What this task involves: Once you reach the line with "최근 직장인 익명 커뮤니티와" below, copy each line exactly, stopping after the line with "Acomodador de carros", and skip any pictures.

Supplied records:
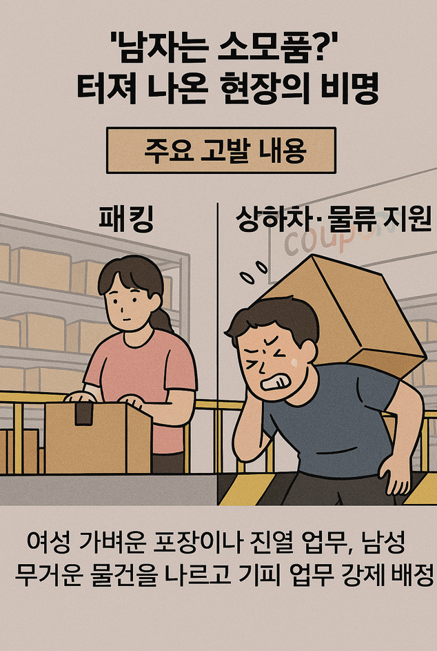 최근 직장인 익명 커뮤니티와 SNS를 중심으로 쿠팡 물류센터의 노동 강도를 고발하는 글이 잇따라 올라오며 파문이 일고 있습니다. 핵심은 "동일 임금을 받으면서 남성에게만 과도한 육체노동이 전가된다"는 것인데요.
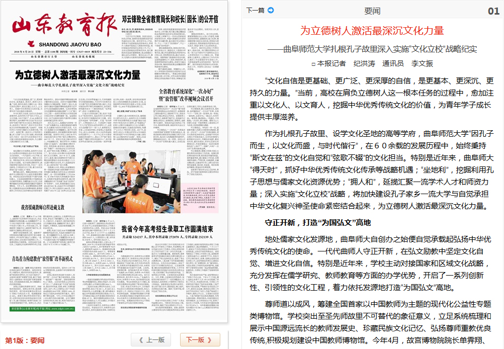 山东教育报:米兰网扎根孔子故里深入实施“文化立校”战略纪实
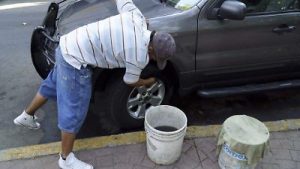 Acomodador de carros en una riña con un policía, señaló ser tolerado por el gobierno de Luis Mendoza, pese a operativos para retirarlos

--

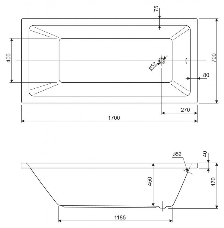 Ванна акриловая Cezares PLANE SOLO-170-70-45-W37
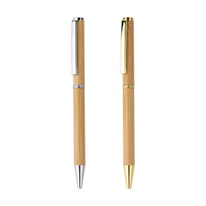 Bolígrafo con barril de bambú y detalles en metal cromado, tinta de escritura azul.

Completed task:
 최근 직장인 익명 커뮤니티와 SNS를 중심으로 쿠팡 물류센터의 노동 강도를 고발하는 글이 잇따라 올라오며 파문이 일고 있습니다. 핵심은 "동일 임금을 받으면서 남성에게만 과도한 육체노동이 전가된다"는 것인데요.
 山东教育报:米兰网扎根孔子故里深入实施“文化立校”战略纪实
 Acomodador de carros en una riña con un policía, señaló ser tolerado por el gobierno de Luis Mendoza, pese a operativos para retirarlos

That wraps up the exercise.